Please give back, exactly as written, the lines from the line with "Μετά το χτύπημα" to the line with "As the crisp" in the listing below, leaving out all pictures.

Input for this task »
#####
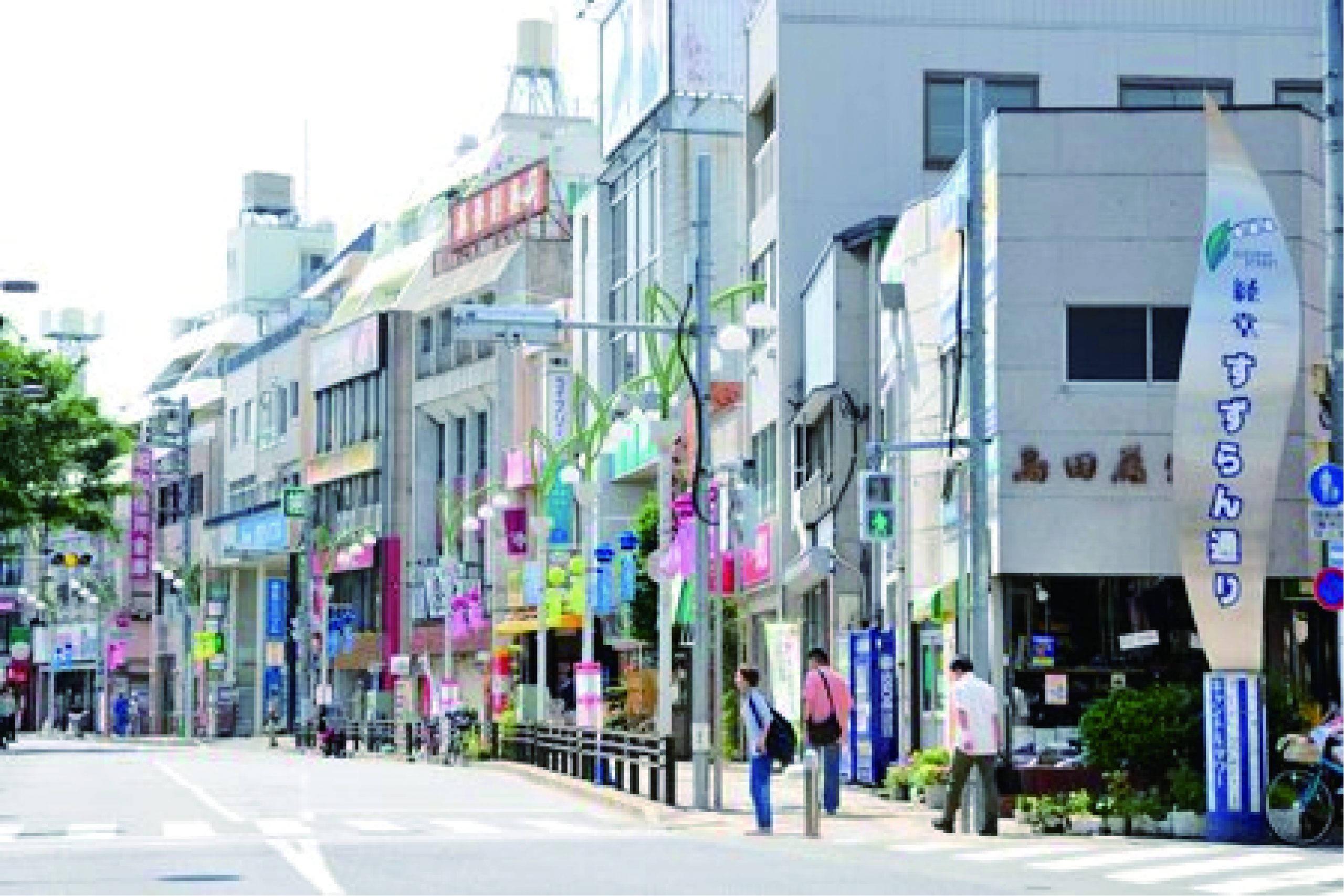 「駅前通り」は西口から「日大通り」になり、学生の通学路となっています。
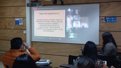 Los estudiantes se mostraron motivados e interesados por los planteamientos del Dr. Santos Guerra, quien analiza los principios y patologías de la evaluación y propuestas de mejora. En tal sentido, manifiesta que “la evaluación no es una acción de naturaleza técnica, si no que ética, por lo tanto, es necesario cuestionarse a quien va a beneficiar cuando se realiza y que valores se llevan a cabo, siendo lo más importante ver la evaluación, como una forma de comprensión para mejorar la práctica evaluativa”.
#####
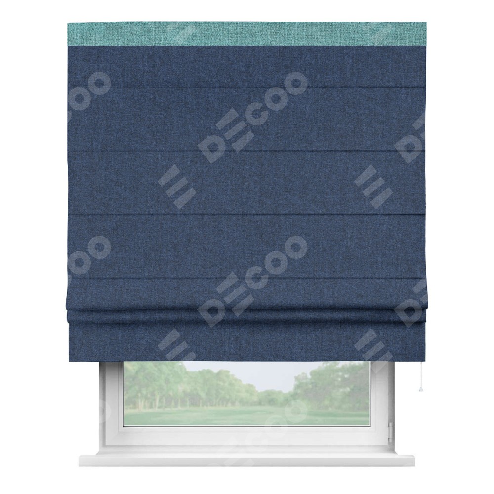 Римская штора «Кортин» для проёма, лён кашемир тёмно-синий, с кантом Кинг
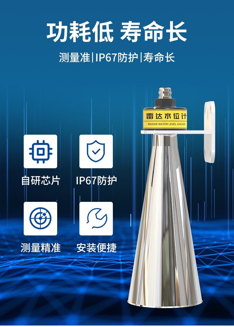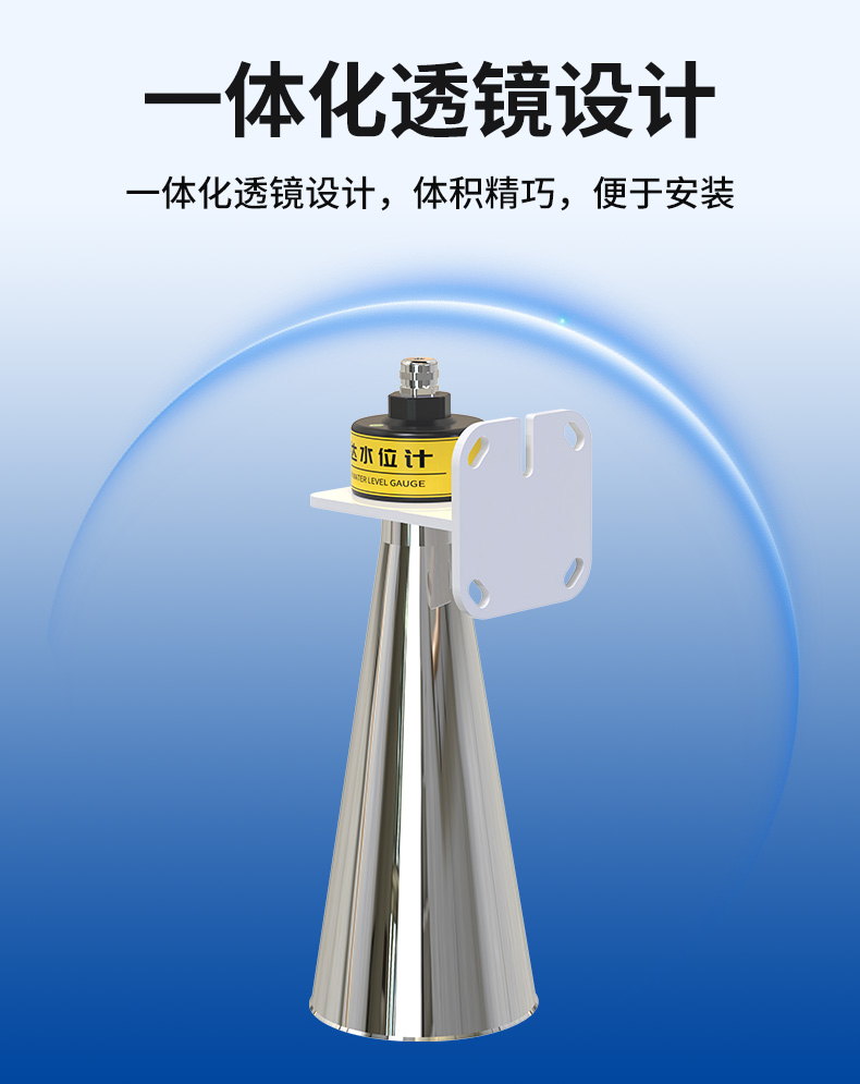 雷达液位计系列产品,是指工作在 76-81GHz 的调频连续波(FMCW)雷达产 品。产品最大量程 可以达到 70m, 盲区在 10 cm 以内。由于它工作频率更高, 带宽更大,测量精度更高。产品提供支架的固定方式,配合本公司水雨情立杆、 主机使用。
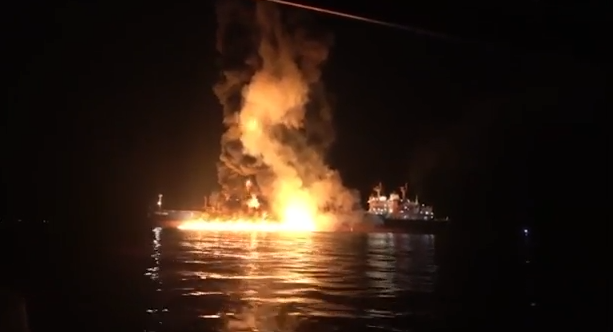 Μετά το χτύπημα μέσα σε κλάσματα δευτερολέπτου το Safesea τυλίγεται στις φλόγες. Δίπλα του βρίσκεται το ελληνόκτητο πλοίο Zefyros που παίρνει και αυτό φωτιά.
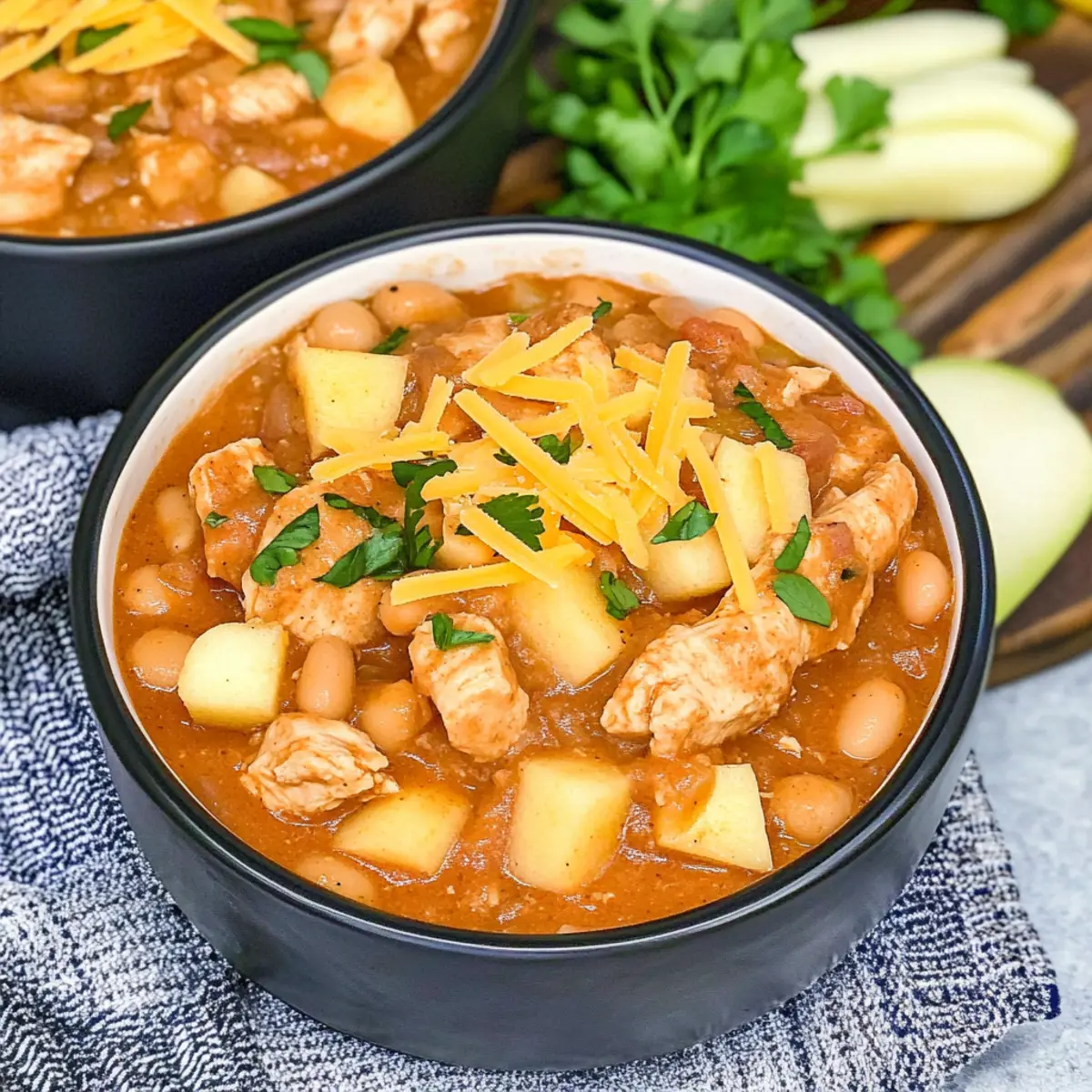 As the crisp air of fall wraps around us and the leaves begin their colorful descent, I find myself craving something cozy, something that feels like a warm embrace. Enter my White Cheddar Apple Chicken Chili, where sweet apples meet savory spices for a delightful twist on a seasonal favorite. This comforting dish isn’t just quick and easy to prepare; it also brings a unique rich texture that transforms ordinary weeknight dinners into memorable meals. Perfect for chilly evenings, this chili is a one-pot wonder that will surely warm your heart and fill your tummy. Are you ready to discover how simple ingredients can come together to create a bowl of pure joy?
#####
Solution for this problem »
 Μετά το χτύπημα μέσα σε κλάσματα δευτερολέπτου το Safesea τυλίγεται στις φλόγες. Δίπλα του βρίσκεται το ελληνόκτητο πλοίο Zefyros που παίρνει και αυτό φωτιά.
 As the crisp air of fall wraps around us and the leaves begin their colorful descent, I find myself craving something cozy, something that feels like a warm embrace. Enter my White Cheddar Apple Chicken Chili, where sweet apples meet savory spices for a delightful twist on a seasonal favorite. This comforting dish isn’t just quick and easy to prepare; it also brings a unique rich texture that transforms ordinary weeknight dinners into memorable meals. Perfect for chilly evenings, this chili is a one-pot wonder that will surely warm your heart and fill your tummy. Are you ready to discover how simple ingredients can come together to create a bowl of pure joy?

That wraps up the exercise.